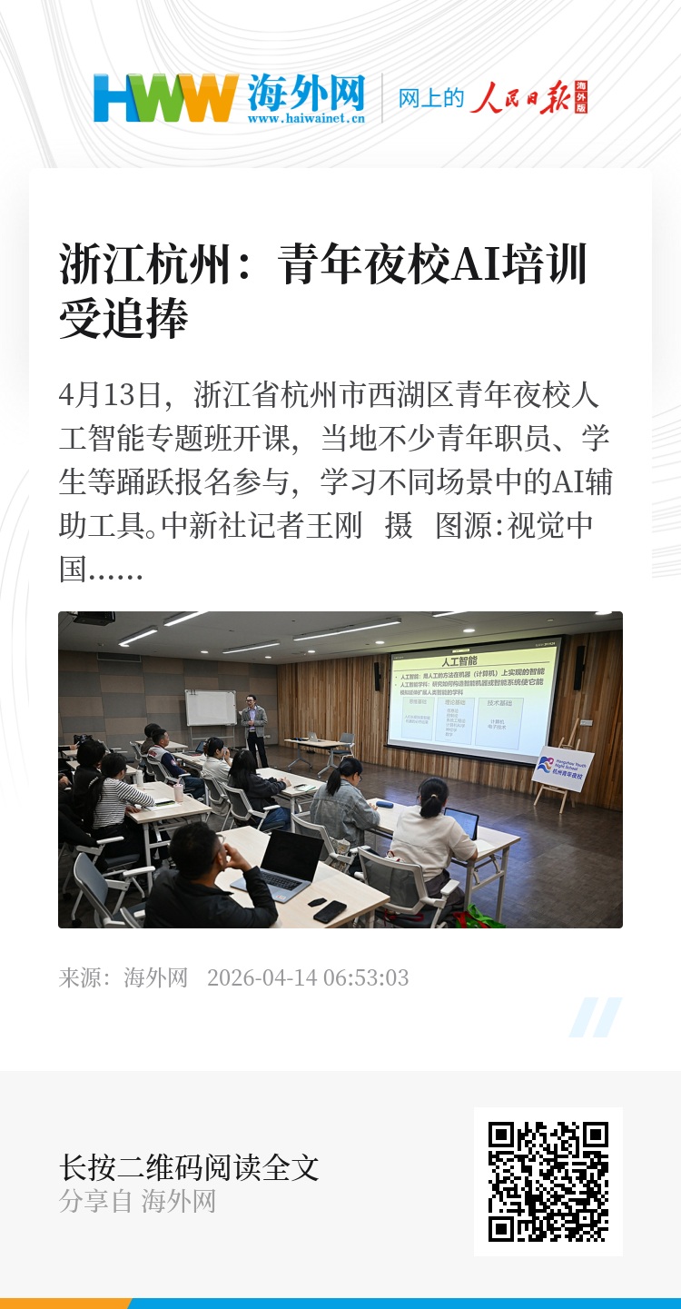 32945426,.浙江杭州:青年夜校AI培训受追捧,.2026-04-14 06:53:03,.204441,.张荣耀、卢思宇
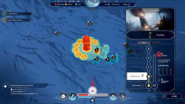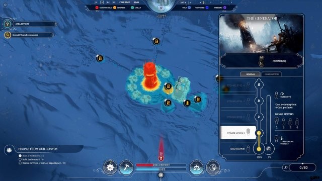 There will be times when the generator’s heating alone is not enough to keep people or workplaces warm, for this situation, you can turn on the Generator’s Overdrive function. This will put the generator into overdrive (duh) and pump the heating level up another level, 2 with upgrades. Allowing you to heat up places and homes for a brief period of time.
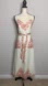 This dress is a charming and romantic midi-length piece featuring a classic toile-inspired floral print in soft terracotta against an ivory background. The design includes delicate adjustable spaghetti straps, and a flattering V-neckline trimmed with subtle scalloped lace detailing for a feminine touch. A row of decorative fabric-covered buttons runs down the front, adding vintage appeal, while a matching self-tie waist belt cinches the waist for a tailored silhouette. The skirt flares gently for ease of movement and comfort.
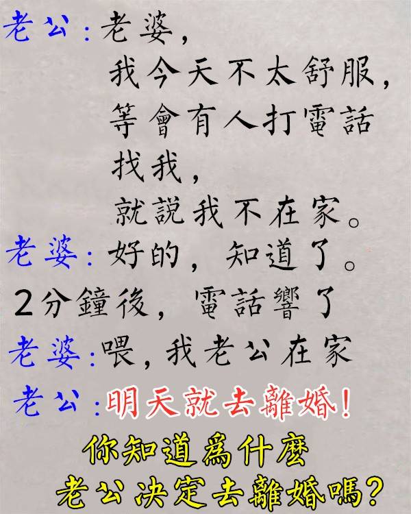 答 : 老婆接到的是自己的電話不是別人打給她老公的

□ □ □

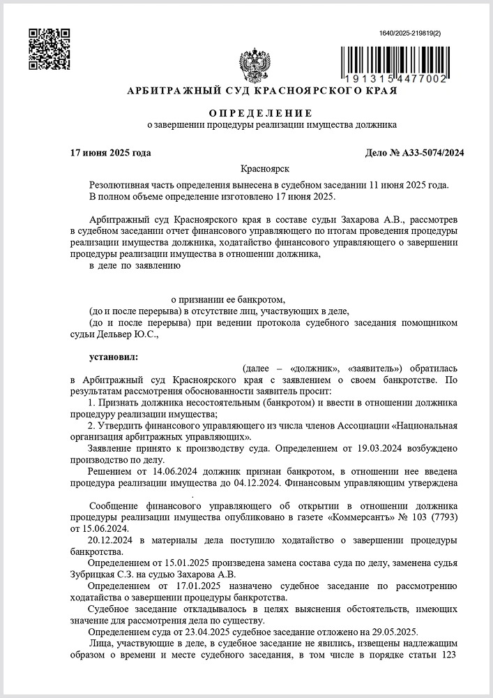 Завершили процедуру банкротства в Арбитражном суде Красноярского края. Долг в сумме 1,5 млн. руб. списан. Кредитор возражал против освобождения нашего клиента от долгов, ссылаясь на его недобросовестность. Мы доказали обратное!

□ □ □

▸ Exercise prompt: The material above holds pictures; leave them out and set down exactly the lines from the line with "There will be" to the line with "答 : 老婆接到的是自己的電話不是別人打給她老公的", both included.

▸ Reply to the task:
 There will be times when the generator’s heating alone is not enough to keep people or workplaces warm, for this situation, you can turn on the Generator’s Overdrive function. This will put the generator into overdrive (duh) and pump the heating level up another level, 2 with upgrades. Allowing you to heat up places and homes for a brief period of time.
 This dress is a charming and romantic midi-length piece featuring a classic toile-inspired floral print in soft terracotta against an ivory background. The design includes delicate adjustable spaghetti straps, and a flattering V-neckline trimmed with subtle scalloped lace detailing for a feminine touch. A row of decorative fabric-covered buttons runs down the front, adding vintage appeal, while a matching self-tie waist belt cinches the waist for a tailored silhouette. The skirt flares gently for ease of movement and comfort.
 答 : 老婆接到的是自己的電話不是別人打給她老公的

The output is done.